September 20, 2017      3 min read

Companies invest huge amounts of money in inventory, since it forms the backbone of many firms. Therefore, it is essential that managers have oversight of where their inventory is, how well it is selling and much more. Inventory tracking is a useful means of doing this.

Big or small, companies use various methods of inventory tracking to trace the whereabouts of their stock. Inventory tracking, depending on the form it takes, can help managers to follow the arrival of their stock, the amount and their location. Certain inventory tracking systems also alert users to transactions made, and may also allow users to follow purchases as they move along the supply chain to their final destination.

Inventory Types

Retailers and wholesalers tend to stock inventory that primarily consists of finished products, ready for sale. Conversely, manufacturing companies may stock inventory made up of a combination of raw materials and components that will then be made into finished products. Since inventory is therefore a company’s single largest investment, many invest a lot of money in it, and therefore tracking is essential for successful inventory control.

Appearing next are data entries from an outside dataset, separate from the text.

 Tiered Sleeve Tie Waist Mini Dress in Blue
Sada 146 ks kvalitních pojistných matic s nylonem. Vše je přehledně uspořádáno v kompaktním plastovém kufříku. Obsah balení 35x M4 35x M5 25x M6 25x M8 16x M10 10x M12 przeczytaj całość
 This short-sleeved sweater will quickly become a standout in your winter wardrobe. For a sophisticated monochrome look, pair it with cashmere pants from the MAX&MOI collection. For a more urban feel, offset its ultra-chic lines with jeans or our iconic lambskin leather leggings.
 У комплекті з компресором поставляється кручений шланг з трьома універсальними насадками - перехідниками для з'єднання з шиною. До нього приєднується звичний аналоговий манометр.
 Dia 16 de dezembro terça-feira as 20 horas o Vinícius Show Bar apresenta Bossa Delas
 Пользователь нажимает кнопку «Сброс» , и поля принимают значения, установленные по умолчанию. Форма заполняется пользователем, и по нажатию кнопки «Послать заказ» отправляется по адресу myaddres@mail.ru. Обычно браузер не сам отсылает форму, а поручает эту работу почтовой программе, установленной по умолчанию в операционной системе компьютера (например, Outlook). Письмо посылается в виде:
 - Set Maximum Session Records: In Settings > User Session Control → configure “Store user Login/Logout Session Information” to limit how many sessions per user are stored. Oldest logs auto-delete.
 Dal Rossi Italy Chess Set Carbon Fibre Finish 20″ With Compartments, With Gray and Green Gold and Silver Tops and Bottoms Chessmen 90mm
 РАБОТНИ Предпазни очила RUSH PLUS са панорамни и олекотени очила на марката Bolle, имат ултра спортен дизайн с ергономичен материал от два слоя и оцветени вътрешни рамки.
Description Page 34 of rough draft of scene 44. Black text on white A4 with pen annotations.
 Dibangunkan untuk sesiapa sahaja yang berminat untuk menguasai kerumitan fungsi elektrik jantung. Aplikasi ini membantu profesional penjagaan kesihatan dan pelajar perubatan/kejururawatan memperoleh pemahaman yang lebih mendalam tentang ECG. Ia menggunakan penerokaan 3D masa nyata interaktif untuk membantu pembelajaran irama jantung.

Types of Inventory Tracking

Nowadays, most companies use barcoding software and hardware to track their inventory. Barcoding systems are a fast and accurate method for tracking inventory – a small image attached to a product is scanned with special light technology which instantly retrieves the products details. This information is then sent to the attached computer system, which allows the user to pull up the products information.

Active Radio Frequency Identification (ARFID) is another form of inventory tracking, which is a reliable method particularly in environments with security issues or ones which require real-time tracking information. Passive RFID is another method, used mostly where there are minimal security issues and where handheld scanners are used.

In the past, many companies relied on an inventory tracking system called the Card System or Cardex. In this system, each product had an accompanying physical card which was used to record sales of that specific item. With each purchase made of that particular product, a new on-hand amount was physically recorded. In time, this system was left behind for more efficient systems like barcoding, a reliable method for inventory control. Manual inventory tracking is still used today, however information is usually recorded in spreadsheet programs rather than on a piece of paper or card.

Importance of Inventory Tracking for Inventory Control

A reliable method of tracking inventory is essential for the success of any business, big or small. Inventory tracking allows managers and staff to oversee the flow of their products at each stage of the supply chain. This not only makes life easier for the firm, but it also means that managers will have a reliable method for inventory control. Controlling the flow of inventory can help managers to be proactive in managing stock, and may provide useful insights into sales patterns.

Inventory tracking allows managers to oversee stock levels, stock locations, the welfare of certain inventories (whether damaged, returned or faulty) and may also help managers to deter thefts. In this way, tracking becomes an essential tool for inventory control in general, which is vital for the success of any business.